The Best Of The Worst Of The Jibba Jabba (Waved)

« April 2009 »

"The jibba-jabba stops here!" - Mr. T

Well, that was glorious, wasn't it? Say what you will about yesterday's protests, but one thing remains unassailably true. A bunch of fucking morons waved a bunch of very, very stupid signs. Here are a collection of some of my favorites, both from yesterday's protests and from an earlier Tea Party last weekend in California.

This really says it all. Clearly, the U.S. is becoming such a third world nation that we can't afford enough cardboard to make a sign saying the U.S. is a third world nation. Bonus points for trying to salvage "Nation" by writing the rest of the letters smaller, then realizing after the "A" and the "T" that more drastic cuts in point size were required to balance the cardboard budget.
You don't fire Congress by honking. You fire Congress by voting. We all "honked" five months ago, fired a bunch of members of Congress, and this is the result. I'm sorry you're not happy with it, but all the angry honkies in the world won't get to change that until 2010.
YOU HAVE REPRESENTATION, ASSHOLES. The Boston Tea Party was about paying taxes without even a chance at a say in how, and to what extent, they were enacted. Your tea parties are about paying taxes when you blew your chance at a say in how, and when, and to what extent they were enacted, because you threw all your support behind a senile old man and a bimbo. Not liking your representation is not the same as not having any.
I've got to give this guy some credit. Either by accident, due to his laser-like focus on Congress, or by design, this guy has actually managed to avoid raising the image of lynching the black president. So ten out of ten for racial sensitivity, but subtract several million for violent, eliminationist rhetoric. Whoops.
I'm not going to get into the comparison with Hitler. That's old news. All over the Tea Parties, all day today. What I will take issue with, however, is the capitalization. What the fuck? OBama? HiTler? Unlike the last guy, there's plenty of room on the sign, although it looks like somewhere there's a road crew missing a warning flag. Pick a case and stick with it. Our founding fathers didn't fight and die for your awful penmanship, fuckload.
OK, why didn't someone send this guy the "it's not about race" memo? "Kenyan"? An outdated In Living Color reference? Wait a second... is this David Duke? Nah, probably just a coincidence.
I don't know what's more disheartening. That these people are out there bitching about the taxes that haven't gone up, or that they're doing such a half-assed job at it. Come on! Your protests are being funded by some of the wealthiest right-wing think tanks in the country! Your sign doesn't have to look like a ransom note mailed on part of a refrigerator box.

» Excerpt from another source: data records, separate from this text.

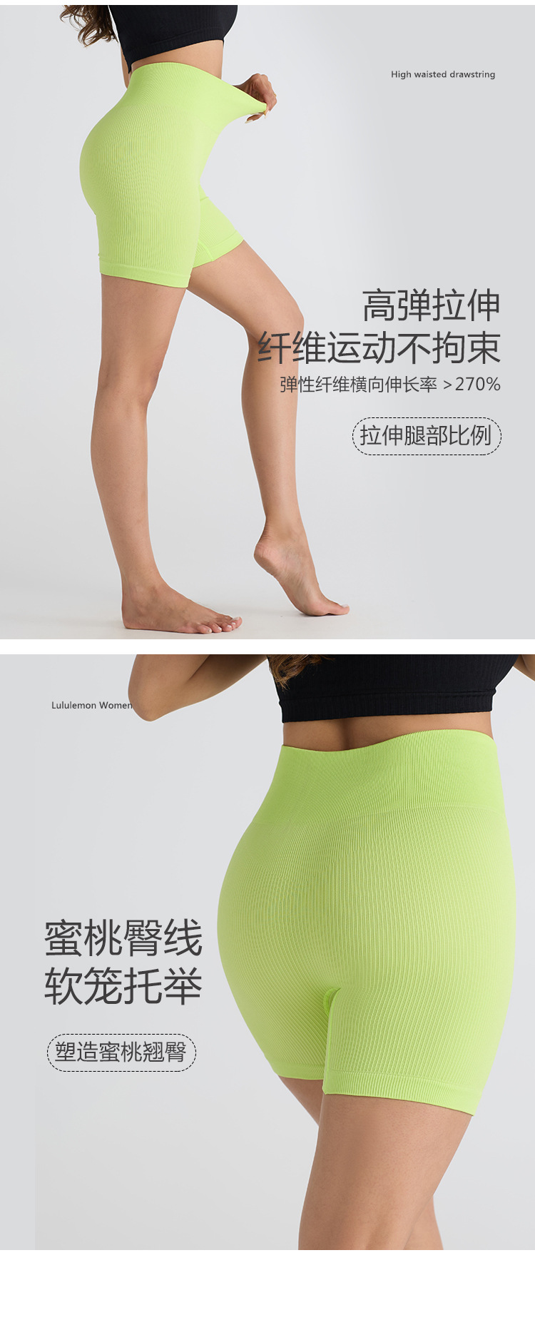 Seamless Thread Elastic Tight Three-point Pants European and American Fitness Sports Hip Yoga Pants Riding Pants Women's Summer Outer Wear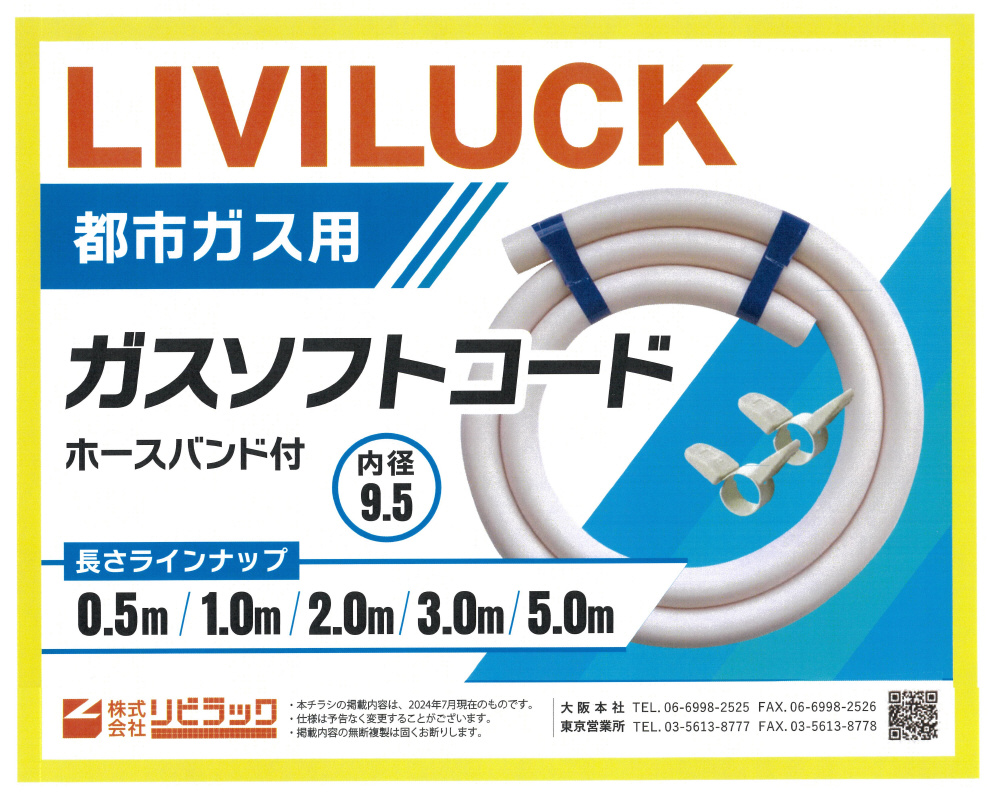 都市ガス用ガスソフトコード ホースバンド付き φ9.5×1.0M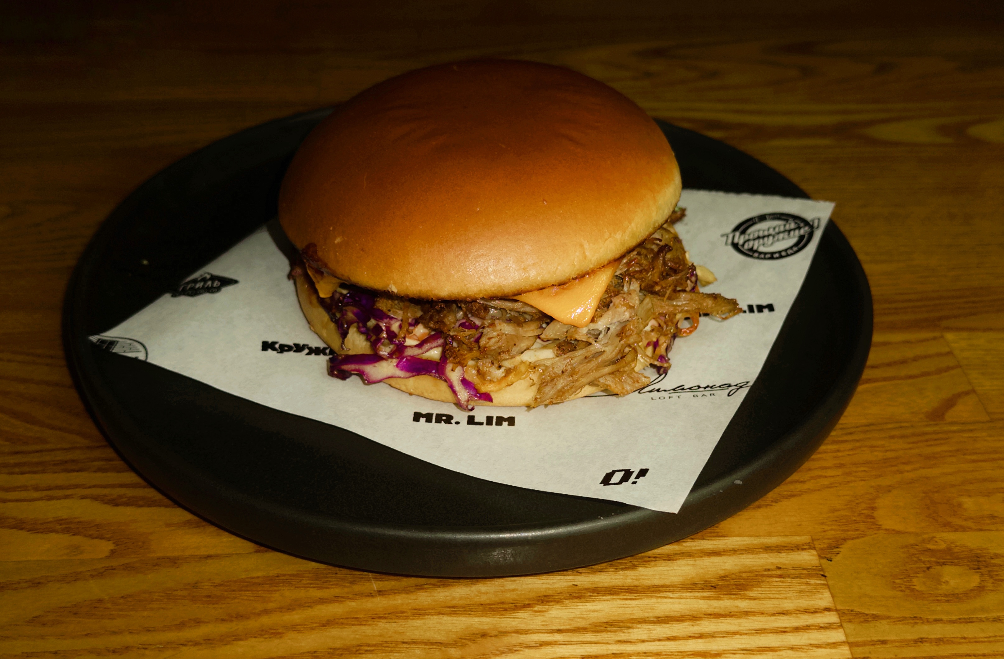 Булочка картофельная, свинина рваная, сыр чеддер, коул слоу (капуста пекинская, капуста краснокочанная, огурцы, морковь, майонез, соус терияки, имбирь молотый, чеснок сушёный, перец чёрный молотый, соль), масло сливочное, кетчуп, соус барбекю, лук фри, соль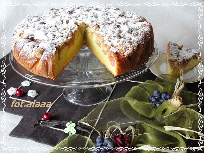 Jogurtowiec z rabarbarem i kruszonką migdałową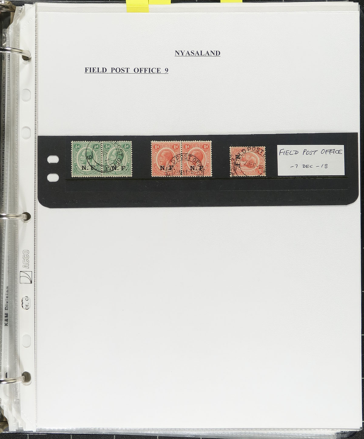 Interesting collection of Nyasaland / Malawi town postmarks, 1890's-1980's, with many hundreds of stamps, on and off piece, on roughly 75 well described pages. The collection has representation from roughly 55 different towns from B to L, along with maps showing the various locations, and some post office information and populations (some very small towns), noting Ekwendeni, Embangweni, and Limbe, just to name a few. Postmarks include CDS handstamps, military posts (noting Fort Anderson, Fort Hill, Fort Manning), and more. A very nice collection that should be further studied. Estimate =

Call up FreedomWatch and have them send you one of their slickly produced, correctly-spelled placards!
And I'll finish with a twofer - these signs were ten feet away from each other, and a trillion miles from reality. Contrary to what the Army recruitment ads tell you, America's fresh-faced youth aren't willing to shoot foreigners for free plus "leadership experience". It's not a fucking internship. And even if they were, the Army doesn't actually operate on a Bring Your Own Bullets basis. Hope you enjoyed your day in fantasy land, dipshits, because, because the real world's back today.